I am trying to understand why some drugs bind only to the minor groove and not to the major groove. More specifically, I am interested in calicheamicins.

They target DNA and cause strand scission. Calicheamicins bind with DNA in the minor groove, wherein they then undergo a reaction analogous to the Bergman cyclization to generate a diradical species. This diradical, 1,4-didehydrobenzene, then abstracts hydrogen atoms from the deoxyribose (sugar) backbone of DNA, which ultimately leads to strand scission.[7] The specificity of binding of calicheamicin to the minor groove of DNA has been demonstrated.

Answer 1

Accommodation in the major or minor groove

I am not in a position to generalize about all drugs that bind to the major groove of DNA, but at least one well-known example, actinomycin D, does so because it intercalates between the base-pairs in the double helix. Although other weak chemical interactions stabilize this binding, much of it is through base stacking with base-pairs. Hence binding requires it be inserted into the major groove in which the base pairs lie (see e.g.
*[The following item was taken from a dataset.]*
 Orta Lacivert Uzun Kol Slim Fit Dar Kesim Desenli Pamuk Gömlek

PDB 101 Molecule of the Month article).

Binding of calicheamicins, in contrast, involves interaction with two parts of the molecule. The ‘head’ of the molecule makes specific interactions with a TCCT sequence in the DNA (in the case of calicheamicin γ¹), which is achieved from the minor groove (intercalation is not necessary) allowing the saccharide ‘tail’ to fit into the minor groove. (Ikemoto et al. 1995).
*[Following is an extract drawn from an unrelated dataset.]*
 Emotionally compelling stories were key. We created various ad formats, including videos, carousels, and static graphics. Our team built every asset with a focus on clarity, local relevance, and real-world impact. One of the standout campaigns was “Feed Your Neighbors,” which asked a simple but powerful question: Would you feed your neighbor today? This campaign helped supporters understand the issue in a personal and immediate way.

(Constructed from 3D Structure images on the Protein Data Bank website)

Sequence specificity

A concern of the poster is the fact that the interaction of calicheamicin is sequence specific (there is apparently a preference for d(T-C-C-T).d(A-G-G-A)) whereas access to the bases is restricted in the minor groove. This is addressed in the paper by Ikemoto et al., but without illustration, assuming you are able to visualize the chemical interactions in your mind. I have used Jmol to view the structure 2PIK, have prepared a couple of screen shots to help illustrate the details I shall quote from the text of the paper.
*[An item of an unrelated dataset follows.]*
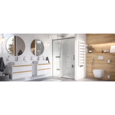 Bateria prysznicowo-wannowa 3-funkcyjna podtynkowa serii Krotos posiada Fix-Box, który ułatwia instalację baterii oraz zapewnia stały dostęp rewizyjny do mechanizmu baterii. Mechaniczny przełącznik funkcji pozwala na wygodny wybór wypływu wody – system Easy-Click pozwala na regulację jednocześnie źródła wody (włącz-wyłącz) oraz ciśnienia przez obrót tego samego pokrętła. Temperaturę można regulować dzięki pokrętle po lewej. Bateria posiada wbudowany uchwyt słuchawki prysznicowej z przyłączem kątowym dla węża prysznicowego.

Cleavage of the DNA is performed by the enediyne aglycone (R), which does not make contact with the bases. Two of the regions that do interact with bases are the thio-sugar ring (B) and the aromatic ring (C). These are shown below in the complex of calicheamicin (coloured yellow) with a deoxy-oligonucleotide duplex, together with a close-up of the interactions of these rings.

In the left-hand frame the DNA has standard cpk colouring, and the phosphates (orange–red) lining the minor groove are evident. The base-pairs are perpendicular to the plane of the image. In the second frame I have tilted the image slightly to allow the rings of the bases to be seen, and coloured the bases (actually the whole nucleoside) red/white/green/blue for A/T/G/C. Quoting from the Ikemoto paper:

The thio sugar B is positioned edgewise in the minor groove and contacts the A20 residue through van der Waals and hydrogen bonding (B ring hydroxyl to N³ of the base) interactions. The aromatic ring C is positioned between the walls of the minor groove with its iodine and CH₃ groups directed toward the floor of the minor groove.… The S-carbonyl linker, which adopts an orthogonal alignment relative to the plane of ring C (favored by the steric demands of the ortho aromatic ring substituents), bridges the minor groove and makes van der Waals contacts with the opposing walls of the groove.

This may not have the clarity of, say, Watson and Crick base-pairing, but neither does the interaction of proteins with particular DNA sequences — one needs to examine the multiple interactions that occur. What I think it does show is that this drug can make specific contact to bases, even though it binds in the minor groove.